- **PROBLEM TO WORK ON**:
With the pictures left out, copy the listing below exactly.

- **MATERIAL FOR THIS TASK**:
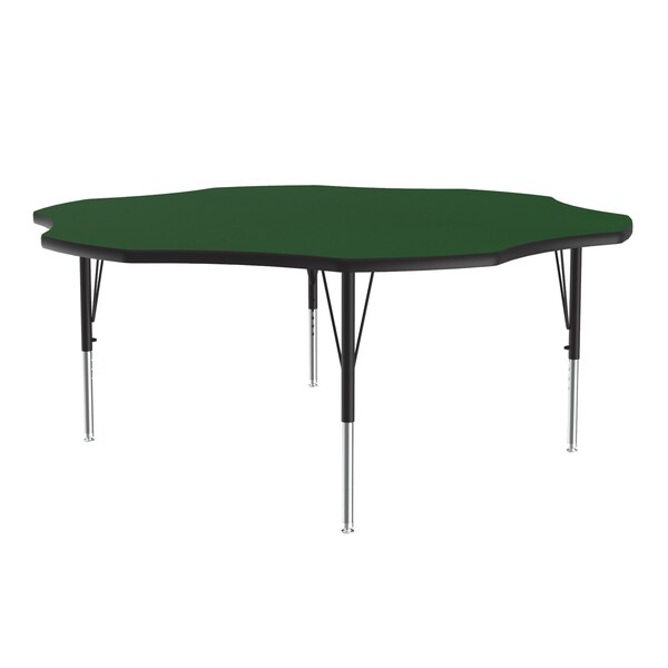 Correll Height Adjustable Activity Table. Table Size is 60" Flower Shaped. Height adjustable from 19" to 29" in 1" increments (perfect for kindergarten to adult) Speedwrench included for fast and secure height adjustments. Green High Pressure Laminate resists scratch's, paint, markers, crayons, and food and juice stains far better than melamine. 1-1/8" High Density particle board core provides strength. Heavy Duty legs include oversize hairpin brace and shouldered set screws for maximum safety. Shoulder on leg set screw provides an extra measure of security even if the legs are not properly tightened. Leg mounting brackets are pre attached with 7 screws plus 3 additional screws in the leg plate. Black T-Mold edging and black and chrome legs. Tables are custom built to order. YOU CAN COUNT ON CORRELL: Correll was established in 1969 and has been in business for over 50 years. With our outstanding Standing Customer Service, innovative new product lines, and the largest selection of Folding Tables available from any manufacturer, now, more than ever, you can count on Correll.
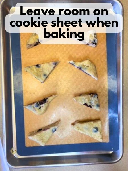 - Transfer the scones to the prepared baking sheet, leaving some space between them.
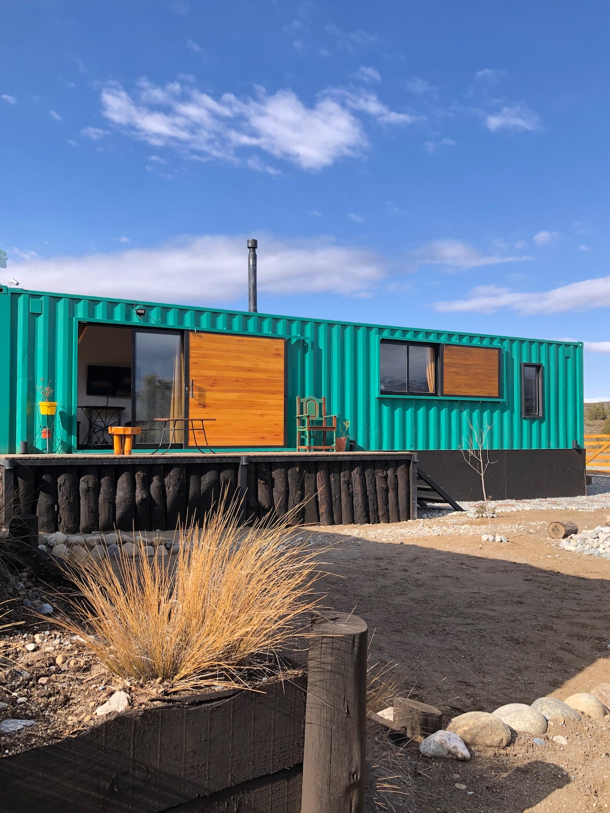 कुदरत की शांति का अनुभव करें और एक अपसाइक्ल्ड शिपिंग कंटेनर में अपने बिस्तर से मनमोहक नज़ारों का मज़ा लें। नेशनल पार्क लॉस ग्लेशियर के पास, हम उत्तरी हेडट्रेल से लगूना डे लॉस ट्रेस (फ़िट्ज़ रॉय) के पास हैं, जो एल चैटन से केवल 15 किमी दूर है और मूल पैटागोनियन जंगल से घिरा हुआ है। कुछ दिनों के लिए, आप छोटे, आरामदायक और आवास पर लगभग शून्य प्रभाव के साथ रह सकते हैं! बाइक मुफ़्त में उपलब्ध हैं। जिन लोगों के पास कार नहीं है, उनके लिए हम उपलब्धता के आधार पर सुविधाजनक पिक - अप सेवा ऑफ़र करते हैं।
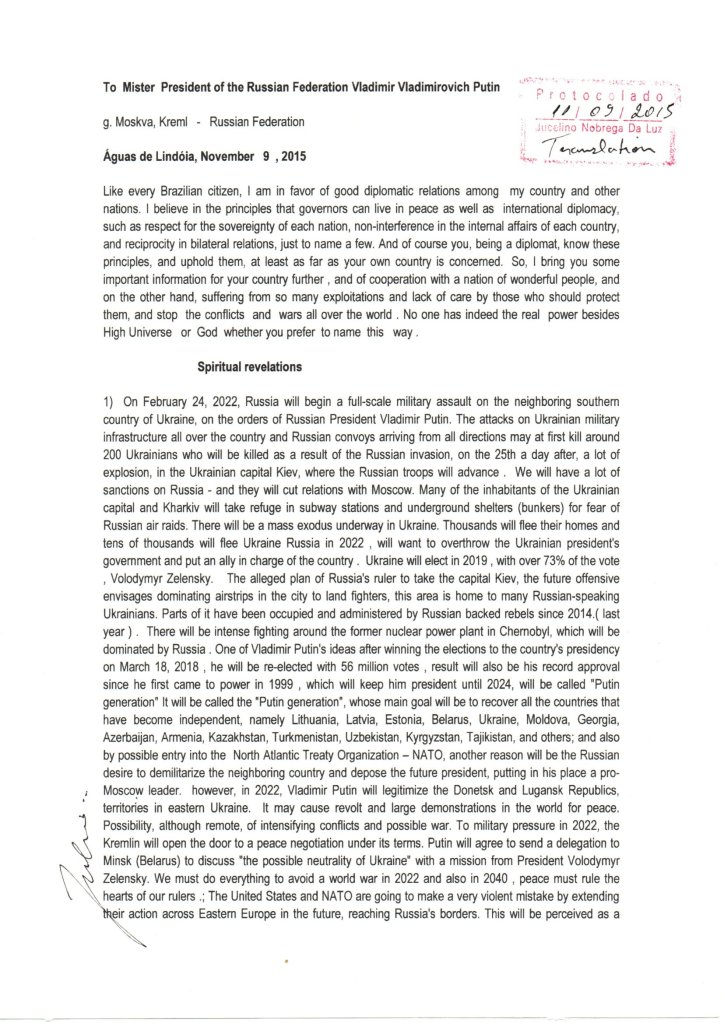 I le tusi na auina atu ia Peresitene Vladimir Putin, i Rusia na ia vavalo ai e uiga i se osofaiga a Ukraine ia Fepuari 24, 2022. Na faalauiloa e le Peresetene Vladimir Putin le osofaʻiga a le militeri i sasaʻe o Ukraine, lea o loʻo i ai vaega vavae ese na ia iloa o loʻo tutoʻatasi. Na vave lava ona manino o le osofaʻiga a le ‘au i le teritori atoa o Ukrainian. O loo i ai se isi tusi faavaloaga na auina atu i le 2014 faapea foi i le 2015 i le Peresitene o Ukraine i lena taimi. I lana tautalaga, na faia ai e le peresitene o Rusia le taufaamatau ma fai mai soo se tasi e taumafai e faʻalavelave o le a mafatia i taunuuga e leʻi vaʻaia muamua.
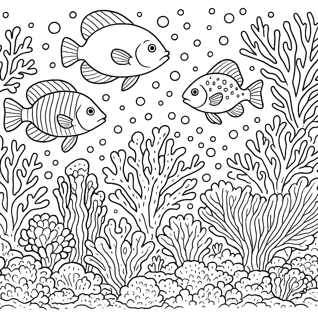 A detailed coloring page featuring coral reef spawning with colorful fish and new coral growth. Perfect for tweens (9-12) with intricate detail for a fun coloring experience.
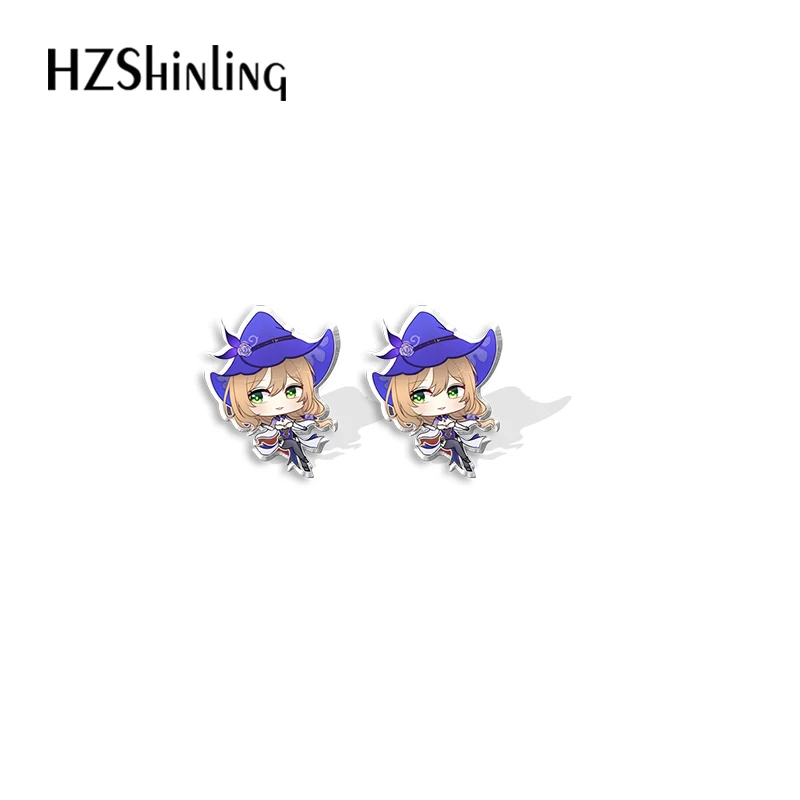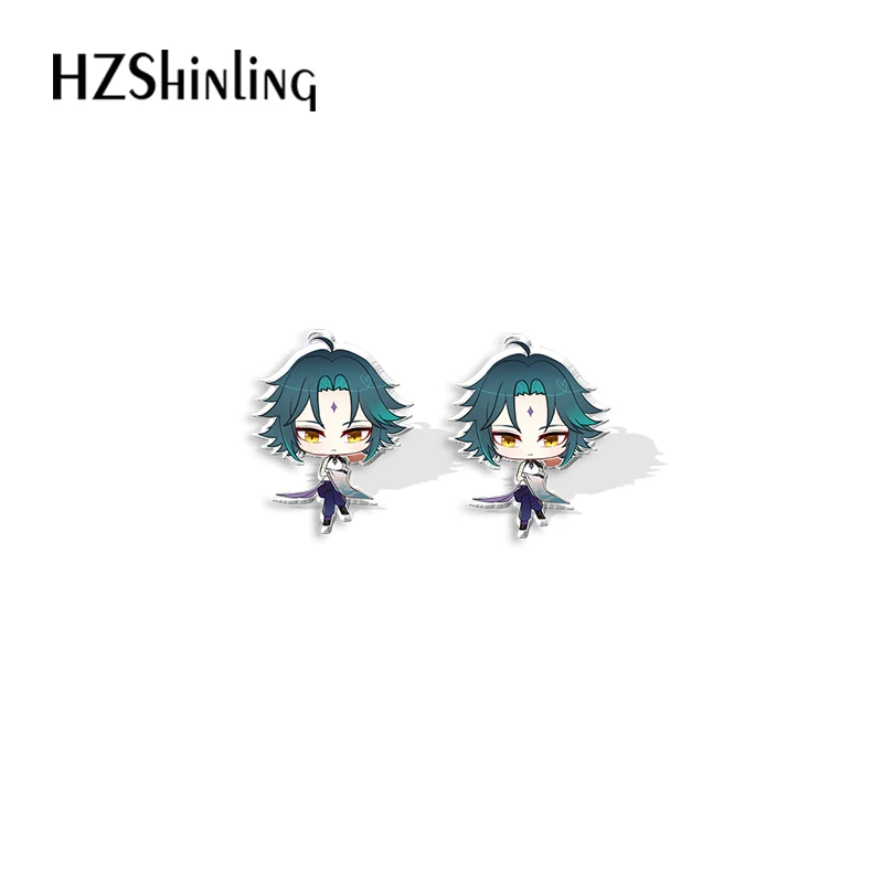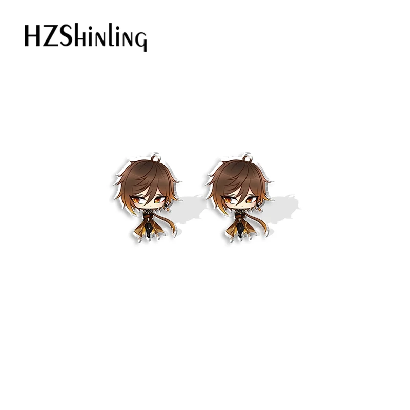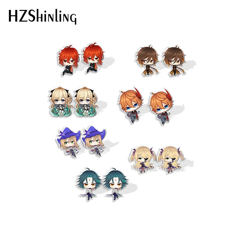 Мультфильм Genshin Impact Xiao Zhongli Lisa мультфильм аниме Узор Акриловые серьги-гвоздики Смола эпоксидные уши ювелирные изделия для девочек

- **SOLUTION BELOW**:
 Correll Height Adjustable Activity Table. Table Size is 60" Flower Shaped. Height adjustable from 19" to 29" in 1" increments (perfect for kindergarten to adult) Speedwrench included for fast and secure height adjustments. Green High Pressure Laminate resists scratch's, paint, markers, crayons, and food and juice stains far better than melamine. 1-1/8" High Density particle board core provides strength. Heavy Duty legs include oversize hairpin brace and shouldered set screws for maximum safety. Shoulder on leg set screw provides an extra measure of security even if the legs are not properly tightened. Leg mounting brackets are pre attached with 7 screws plus 3 additional screws in the leg plate. Black T-Mold edging and black and chrome legs. Tables are custom built to order. YOU CAN COUNT ON CORRELL: Correll was established in 1969 and has been in business for over 50 years. With our outstanding Standing Customer Service, innovative new product lines, and the largest selection of Folding Tables available from any manufacturer, now, more than ever, you can count on Correll.
 - Transfer the scones to the prepared baking sheet, leaving some space between them.
 कुदरत की शांति का अनुभव करें और एक अपसाइक्ल्ड शिपिंग कंटेनर में अपने बिस्तर से मनमोहक नज़ारों का मज़ा लें। नेशनल पार्क लॉस ग्लेशियर के पास, हम उत्तरी हेडट्रेल से लगूना डे लॉस ट्रेस (फ़िट्ज़ रॉय) के पास हैं, जो एल चैटन से केवल 15 किमी दूर है और मूल पैटागोनियन जंगल से घिरा हुआ है। कुछ दिनों के लिए, आप छोटे, आरामदायक और आवास पर लगभग शून्य प्रभाव के साथ रह सकते हैं! बाइक मुफ़्त में उपलब्ध हैं। जिन लोगों के पास कार नहीं है, उनके लिए हम उपलब्धता के आधार पर सुविधाजनक पिक - अप सेवा ऑफ़र करते हैं।
 I le tusi na auina atu ia Peresitene Vladimir Putin, i Rusia na ia vavalo ai e uiga i se osofaiga a Ukraine ia Fepuari 24, 2022. Na faalauiloa e le Peresetene Vladimir Putin le osofaʻiga a le militeri i sasaʻe o Ukraine, lea o loʻo i ai vaega vavae ese na ia iloa o loʻo tutoʻatasi. Na vave lava ona manino o le osofaʻiga a le ‘au i le teritori atoa o Ukrainian. O loo i ai se isi tusi faavaloaga na auina atu i le 2014 faapea foi i le 2015 i le Peresitene o Ukraine i lena taimi. I lana tautalaga, na faia ai e le peresitene o Rusia le taufaamatau ma fai mai soo se tasi e taumafai e faʻalavelave o le a mafatia i taunuuga e leʻi vaʻaia muamua.
 A detailed coloring page featuring coral reef spawning with colorful fish and new coral growth. Perfect for tweens (9-12) with intricate detail for a fun coloring experience.
 Мультфильм Genshin Impact Xiao Zhongli Lisa мультфильм аниме Узор Акриловые серьги-гвоздики Смола эпоксидные уши ювелирные изделия для девочек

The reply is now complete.